Aggressive ways of communicating can put the other person on the defensive, which also is ineffective in that the person may ‘shut down’ or attack back. When you don’t say anything that about something that is hurtful to you (being passive), then your needs are not being met which can lead to emotional stress.
There are also nonverbal ways of communication: assumptions, expectations, misunderstandings, and agreements.
A lot of heated discussions and hurt feelings can be avoided in any relationship if we set up agreements ahead of time instead of assuming or expecting someone to do something or act a certain way. For example, if you don’t want your guest smoking in the same room as your child, don’t make an assumption that the smoker knows your concerns. Otherwise, it can create an uncomfortable situation when the smoker starts smoking in front of your child. You can prevent this stress by making an agreement ahead of time for the guest to step outside to smoke.
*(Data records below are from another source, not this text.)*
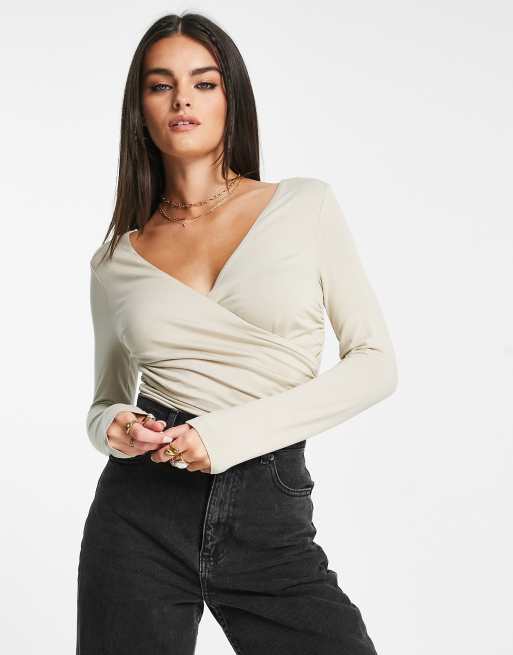 ASOS DESIGN - Body avvolgente color pietra a maniche lunghe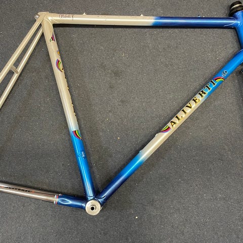 De Rosa racercykel stel med forgaffel – brugt. Klassisk italiensk kvalitetsstel i stål med karakteristiske De Rosa detaljer og hjertelogo ved samlinger. Fremstår i brugt stand med almindelige brugsspor. Inkl. forgaffel og monteret Campagnolo headset. Flot blå lakering med originale dekaler. Made in Italy.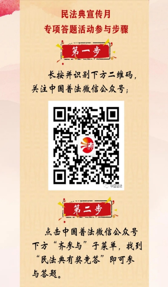 今年5月28日是《中华人民共和国民法典》颁布两周年,为深入学习贯彻习近平总书记关于加强民法典学习宣传的重要指示精神,让每位师生走进、了解、运用民法典,中国普法微信公众号于5月举办“民法典宣传月专项答题”活动,根据中共济宁市委全面依法治市委员会守法普法协调小组《关于组织开展民法典宣传月专项答题活动的通知》要求,现将有关事项通知如下。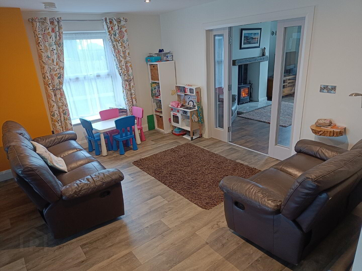 Large living room with log burner.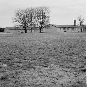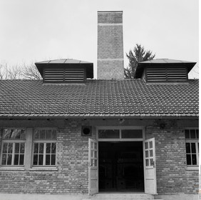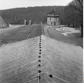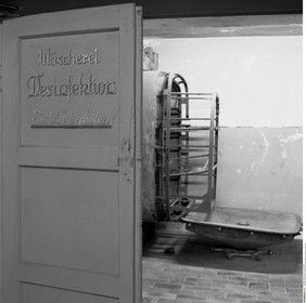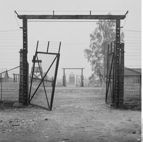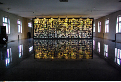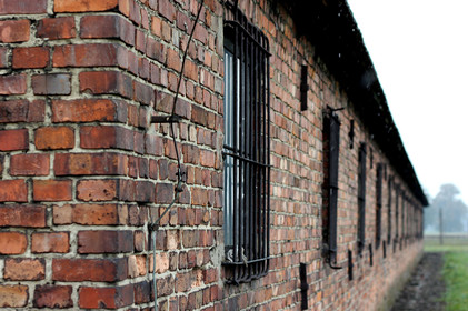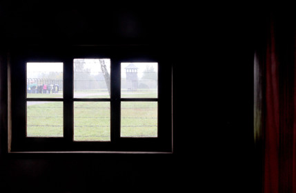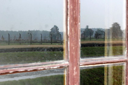Europe, Pologne, Voivodie petite pologne, Oswiecim, Auschwitz Birkenau, a travers la fenetre du baraquement ou le trie se faisait a l arrivee des prisonniers, l on peut observer dans le reflet les vestiges du camp, construit a partir de 1940 par heinrich himmler, plus de 1.1 millions d enfants, de femmes et d hommes meurent dont 900 000 directement a la sortie du train, aujourd hui monument historique et culturel qui contribu au devoir de memoire inscrit au patrimoine mondial de l unesco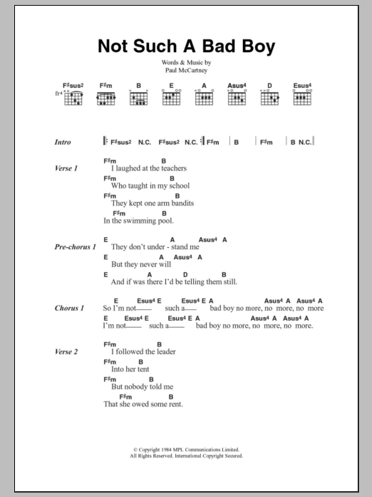 Download or print Paul McCartney Not Such A Bad Boy sheet music, chords and digital score arranged for Guitar Chords/Lyrics. This Rock score includes 2 page(s).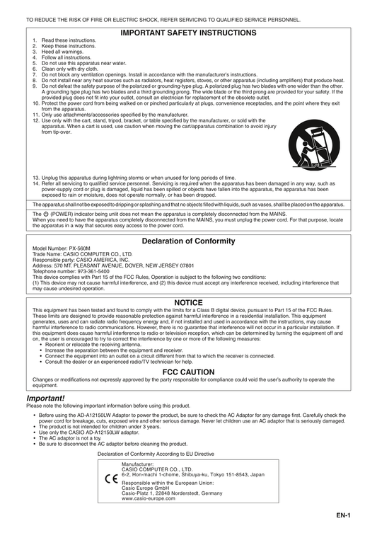 Casio PX-500L Keyboard Piano Owner's/ User Manual (Pages: 36)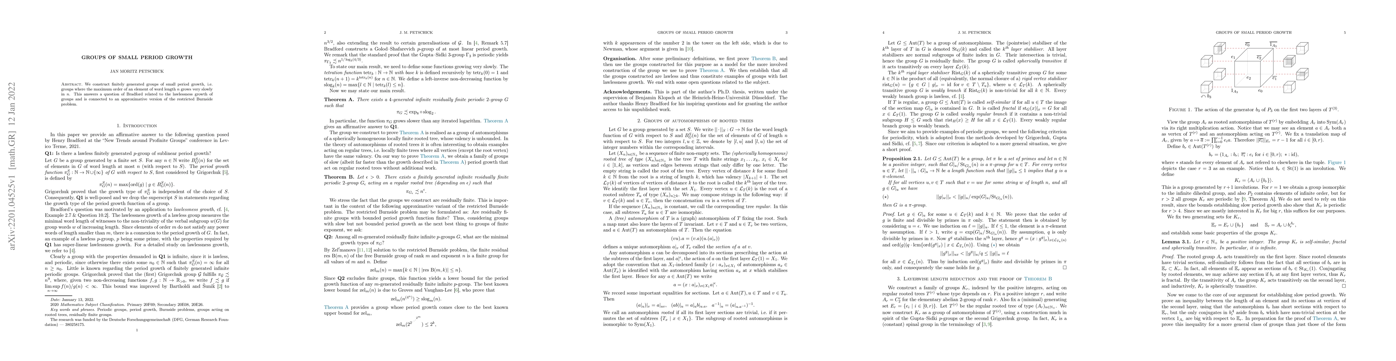 The paper introduces a novel method for constructing groups with small period growth, providing a concrete answer to Bradford's question.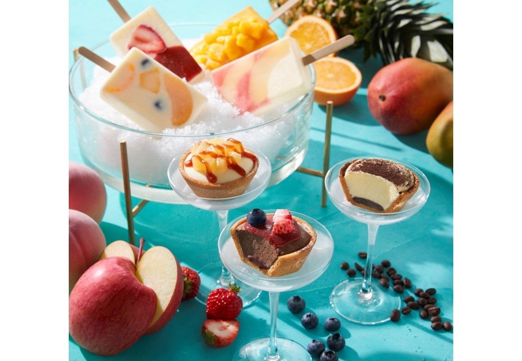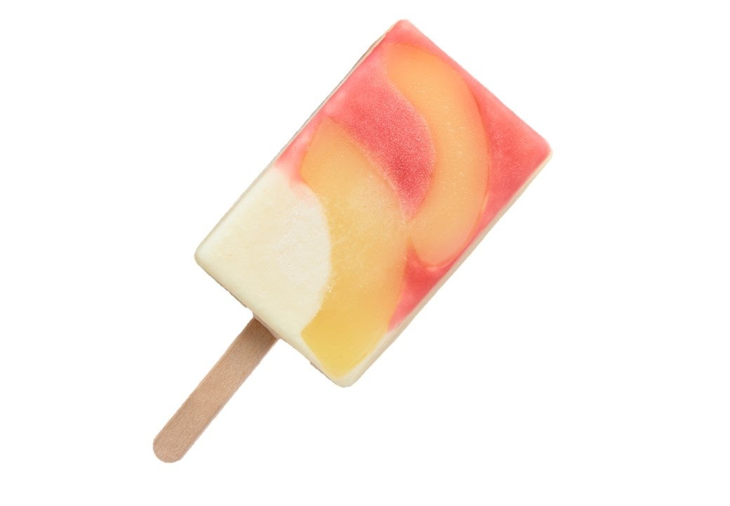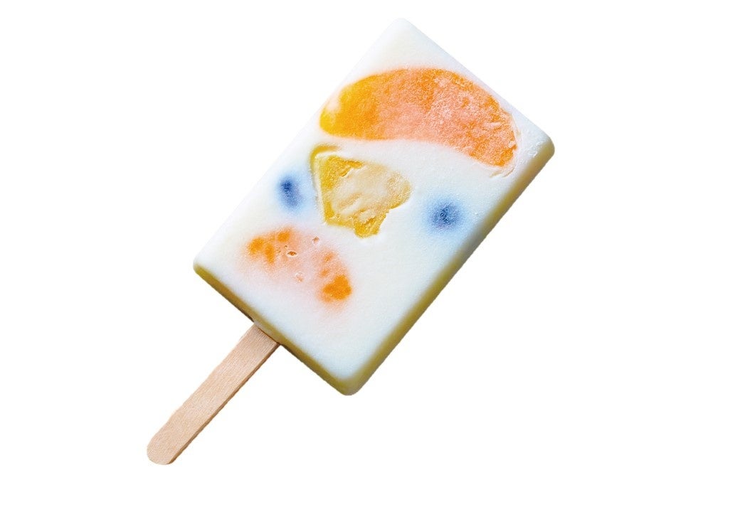 ミルクアイスクリームベースに黄桃やオレンジ、パイナップル、ブルーベリーを閉じ込めた、贅沢なアイスバー。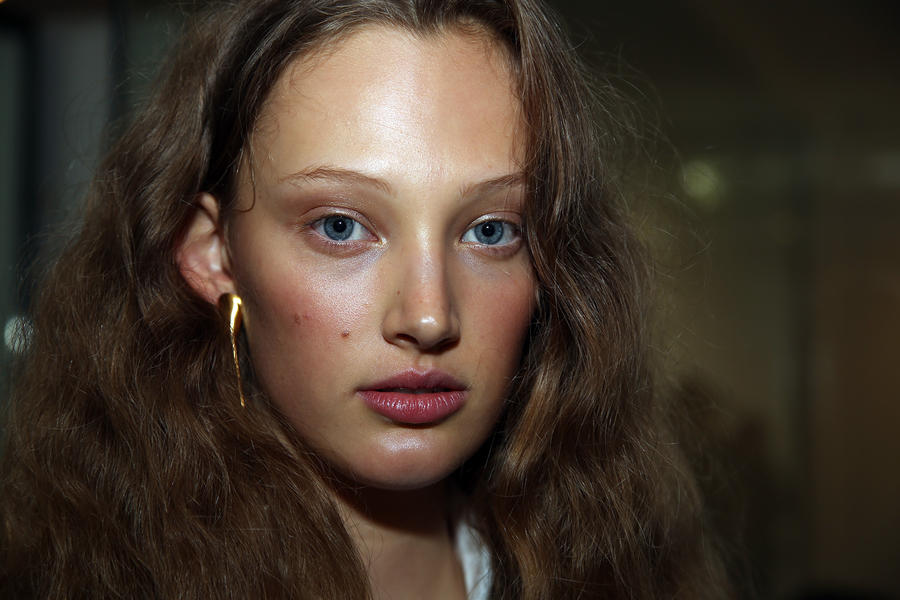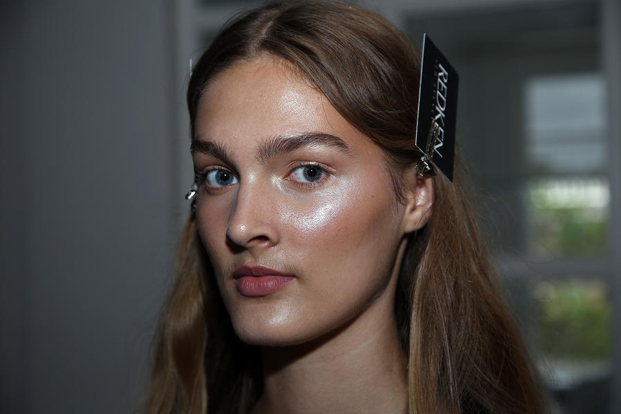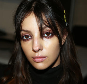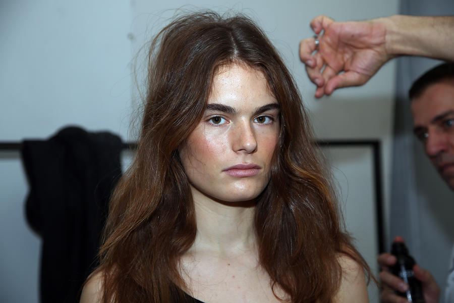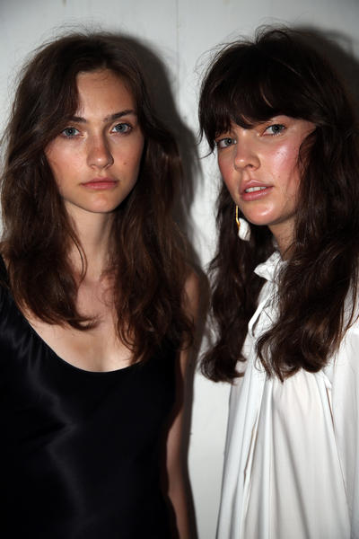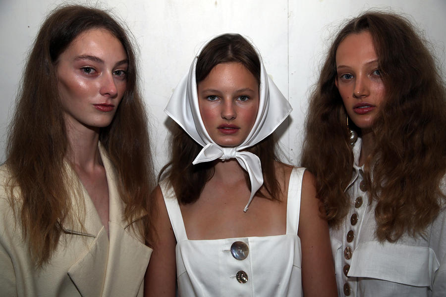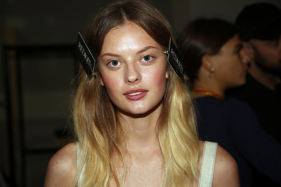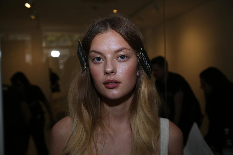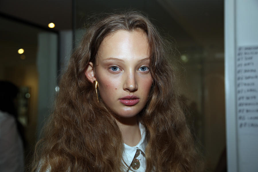 "The look is really youthful and ethereal. Marina [Afonina] wanted to transport everyone to this beautiful place in Italy where girls are just picking lemons; it’s a really organic collection using a lot of linens and shells so we wanted to keep the look organic too. The look was started with slightly dampened hair and a bit of Redken Rootful - that is a dry, powdery, body-building spray that also gives a little bit of grip, which is going to help us with all the flyaways. Then we used a flat iron to create flat iron curls, not actually rounded curls. This flattened texture keeps it a bit raw, and not beautiful in terms of big rounded curls. Once that’s done we used Windblown by Redken; that’s a really light hairspray with a dry shampoo. Spray heaps of that in. We brushed it all out and ruffled it all in with our fingers so we’re not getting that, sort of beachy curl, it’s a bit more brushed out and ethereal. Then we finished that off with a bit of Fashion Work 12 on the front.”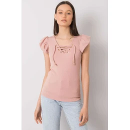 Blúzka s krátkymi rukávmi z rebrovanej tkaniny. Syrový výstrih s ozdobným lemovaním. .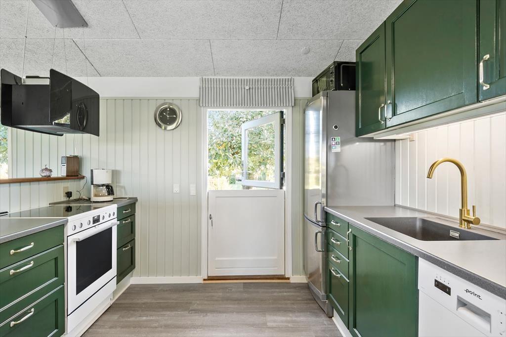 Pænt køkken med udgang til forhaven. Køkkenet er indrettet med køleskab og fryser,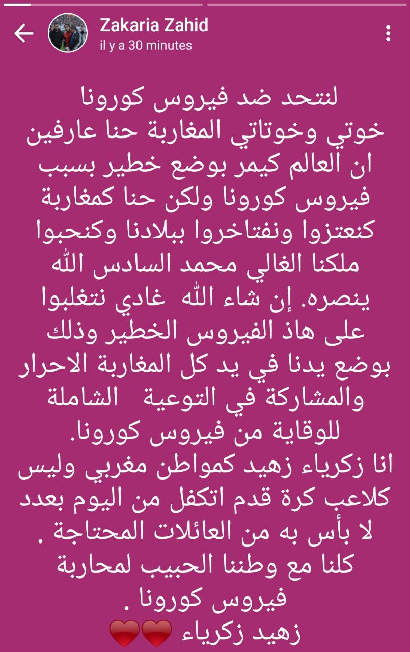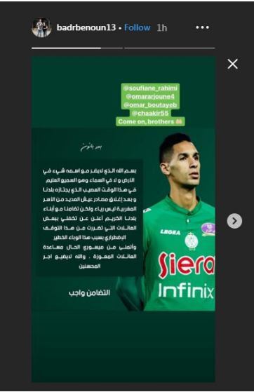 وانضم الرجاوي السابق، عصام الراقي، إلى لائحة نجوم البطولة الذين أعلنوا تضامنهم مع الأسر المغربية المتضررة، حيث قال في تدوينة "بدوري أنا عصام الراقي أعلن عن تكفلي ببعض العائلات المعوزة و المحتاجة و توفير قفة كاملة اللوازم لكل واحدة منهم طوال هذه الأزمة حتى نتخطى هذا العائق بسلام إن شاء الله".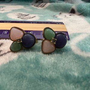 gold/crystal, pink, purple, green clip-on earrings - 1 pair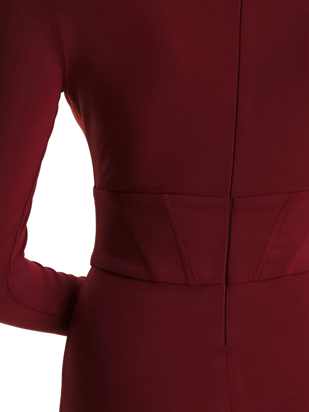 Красный топ с длинными рукавами, корсетной отделкой, разрезом сзади, круглым вырезом и скрытой застежкой-молнией сзади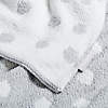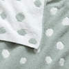 For cozy-comfort beyond the crib, our chenille stroller blanket is a lofty layer that babies will love. In a white and mist blue design, irregular circles float across the background in true whimsical fashion. The fuzzy chenille (which is French for caterpillar!) yarn is outrageously soft to the touch and keeps littles ones at a comfortable temp wherever the road takes them. The back features the same design in reversed-out hues.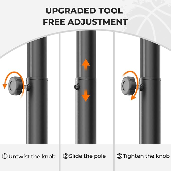 - 【3.6-7FT Easy Adjustment】Built to last and adjustable from 3.6-7 feet, the basketball hoop for kids is perfect for growing children. Two mouting height options that you can choose one suiting you best: three-pole installation heights range from 5-7 feet and two-pole installation heights range from 3.6-4.8 feet. You can have a quick and easy adjustment by simply loosing the knob and sliding the pole to the desire height, no tools required and ready to adjust.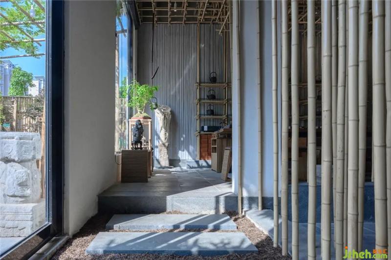 竹篁掩映門輕啟,風(fēng)回小院庭蕪綠。入得庭院,丁步環(huán)設(shè),與細(xì)石軟硬相濟、虛實相和,化為“小橋流水”。院落之內(nèi),丘壑相連、山水環(huán)繞,奇松怪石、淡煙細(xì)水,與紫藤花架隔空對話,相映成趣。院落一隅,獅子林下,竹影橫斜,融于整體,卻又自成一景惠州室內(nèi)設(shè)計。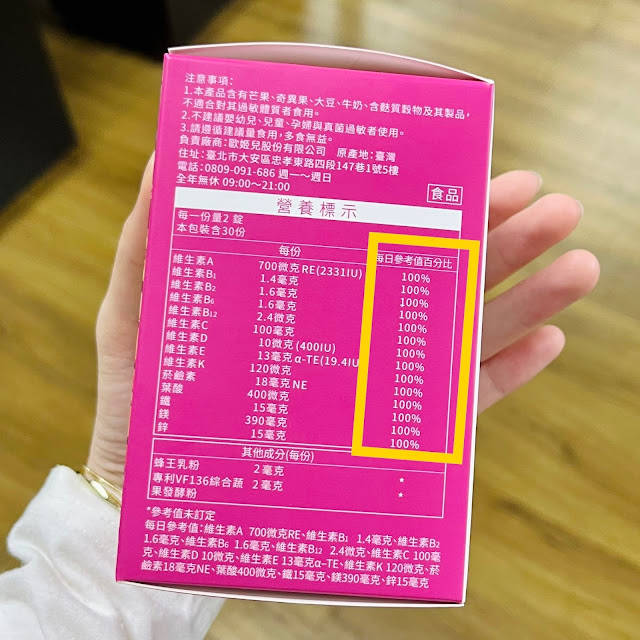 (包裝上一排100%的營養標示!!)

It’s also important to be clear and honest about your intentions, and avoid being evasive with your needs, or think that the other person can ‘read your mind’. I had a client who had a hard day at work and just wanted to come home and not have to cook. She wanted her husband to take her out to dinner that night. When he got home from work, she said “I am so tired. I had such a bad day at work.” He then replied, “Oh no, why don’t you go to bed early tonight?” She got angry with his reply, wanting him to say instead “Why don’t we go out for dinner tonight to give you a break?” He didn’t know why she became upset with him. If she had just said, “I had a really hard day at work today and don’t feel like cooking. I would love it if we could just go out to eat tonight” it would have been a clearer and honest message, and stress could have been avoided.
Agreements are very effective and easy in any type of relationship and they avoid needless stress and misunderstandings. Practicing healthy ways of communicating is a valuable part of life in any situation at home, work, school, or in the community. It teaches us to be respectful of our needs and the needs of others, which creates a healthier state of mind for those who practice this way of communicating.